In 2010, Morgan created a public art project for an early childhood center in Queens, New York, commissioned by New York City Public Schools. These designs were transformed into large terracotta tiles and installed in the stanchions of the school's fencing, alternating between right-side-up and upside-down orientations.

=== Residencies ===
Morgan has done a number of artistic and teaching residencies. Among the residencies are Death Valley National Park,, the Luminous Bodies Residency in Toronto., and Hanksville Elementary School in Utah.

=== Curation ===
Morgan has curated and co-curated exhibitions at the Brooklyn Waterfront Artists Coalition (BWAC) and Artfront Galleries in Newark, New Jersey. In 2024, she co-curated Salon des Refuses at BWAC, an exhibition of works rejected from the Brooklyn Museum's open-call show, which drew more than 200 submissions and was reviewed in Hyperallergic and The New York Times. Also in 2024, she curated Fearless Watercolor, Acquarelas con Cojones, a national juried show at BWAC. Morgan co-curated Biophilia: The Love of Nature, a national open call at BWAC, with ceramicist Sandy Forrest. In 2026, she co-curated the member exhibition New Beginnings at BWAC with Renee Radenberg.

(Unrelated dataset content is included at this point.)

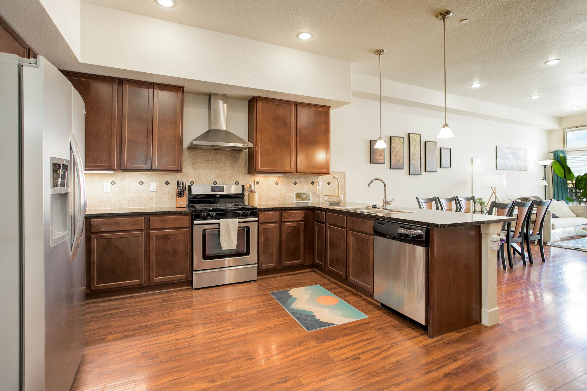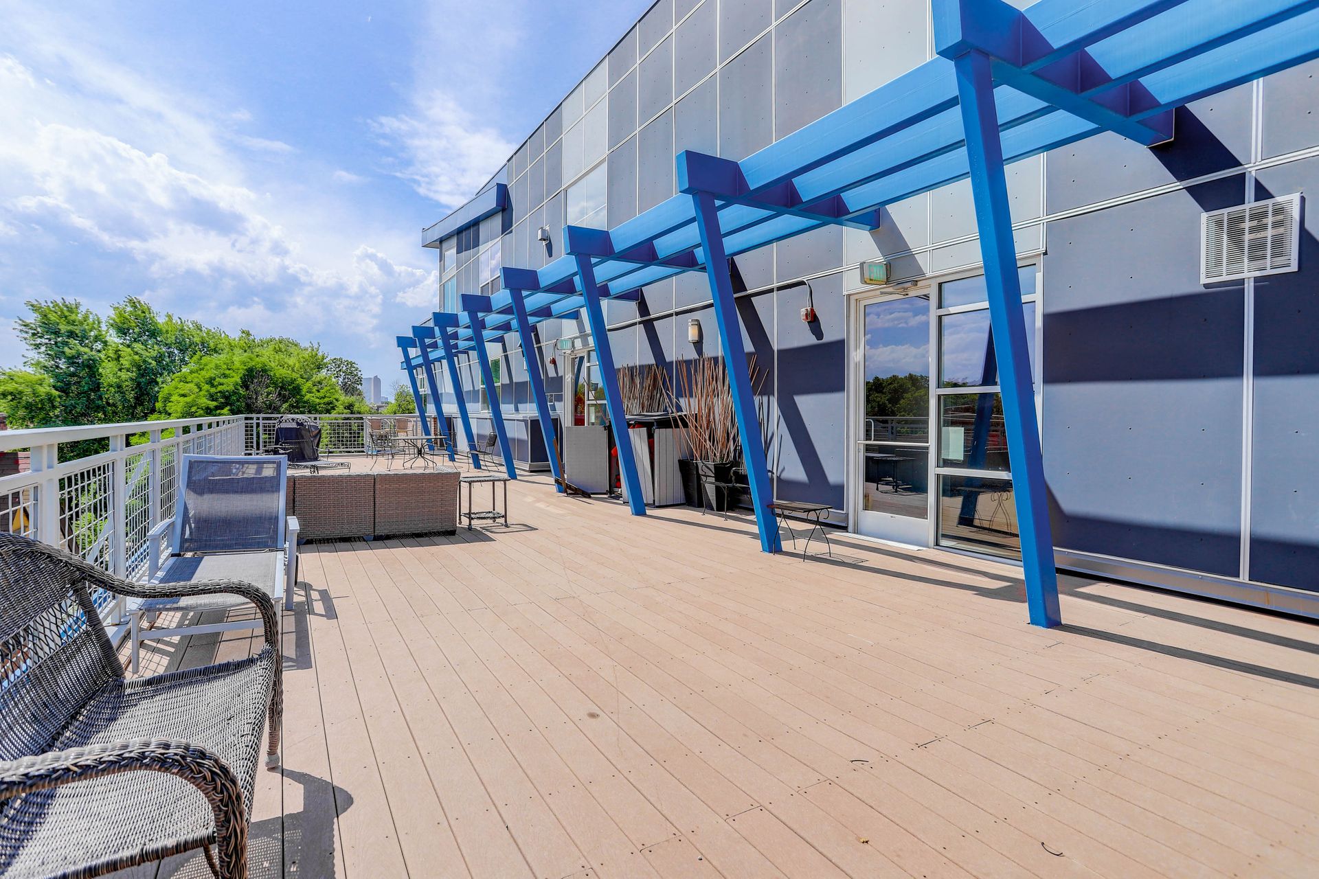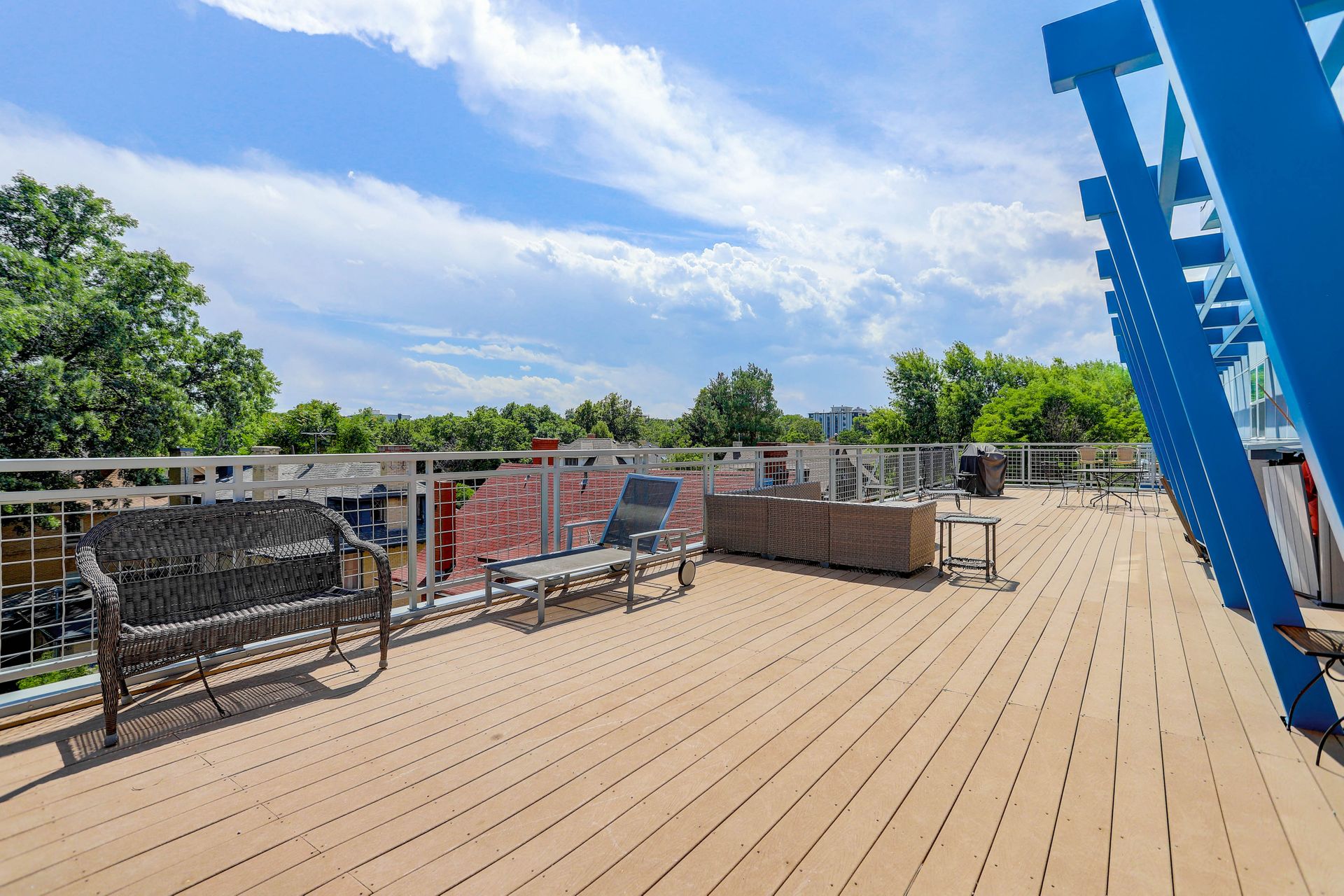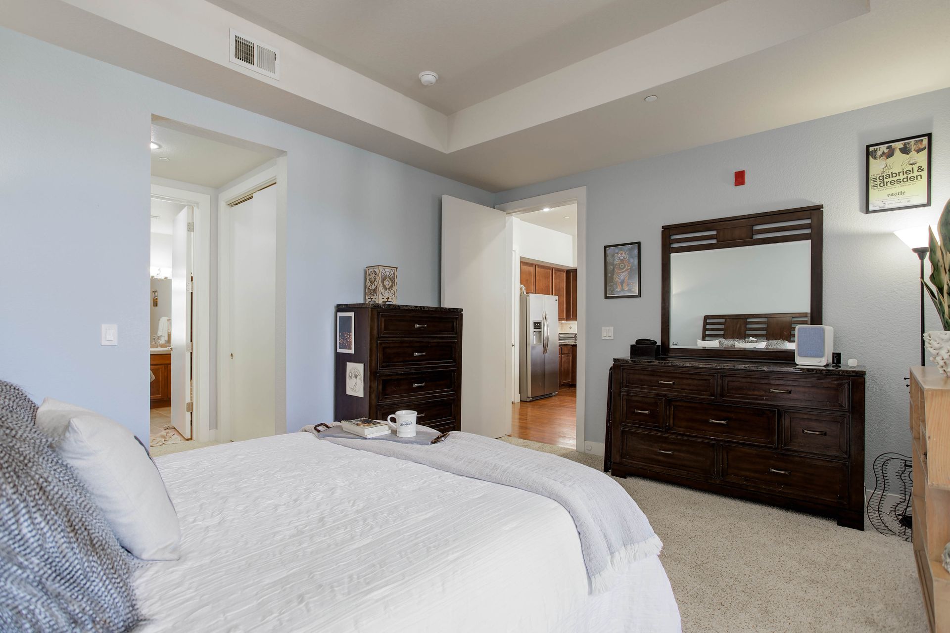 Convenient urban living in desirable Congress Park! This beautiful, modern condo complex is home to Unit 208, boasting three bedrooms and two baths. Enter into light and bright, high ceilings and natural flow. The cherry cabinet and granite counter kitchen flows seamlessly to the dining room and living room, spilling onto the east facing balcony. Outside the patio is equipped with gas access for your grilling pleasure! The guest room comes with a Murphy bed which maximizes functionality and has a three-fourths bath attached. Your spacious primary suite has its own private balcony oasis, one of only three units in the building with this luxury. Dual closets and a five-piece en-suite round out the primary. In-unit laundry with washer and dryer included. The Blueprint has secured underground heated parking with one reserved space as well as a locked storage unit. A spacious community sundeck on the fourth floor is where you can host parties or mingle with neighbors. This prime location grants you walkability to pretty much anything your heart desires!

Morgan is a board member and curator at Artfront Galleries in Newark, New Jersey, where she has curated exhibitions including Femme Fatale and The Divine Feminist. She also co-curated Blended Beings with Susanna Plotnick and Mirror Mirror with Susan O'Rourke at the gallery. In 2018, she co-curated Urban Evidence 3.0 at the Waterfront Recreation Center in New Jersey.

== Books and Exhibition Catalogs ==
Morgan has authored and illustrated two children's books:

- Welcome to Death Valley! (2012)
- The award winning Coney Island Awakes (2022)

She has also illustrated more than fourteen books, including:

- The Sea & Ourselves at Cape Ann by Lawrence Ferlinghetti (1979)
- Metamorphoses by Sheryl St. Germain (2020)
- What Art Can Do: A Conversation with Janet Morgan by Heather Sanderson (2025)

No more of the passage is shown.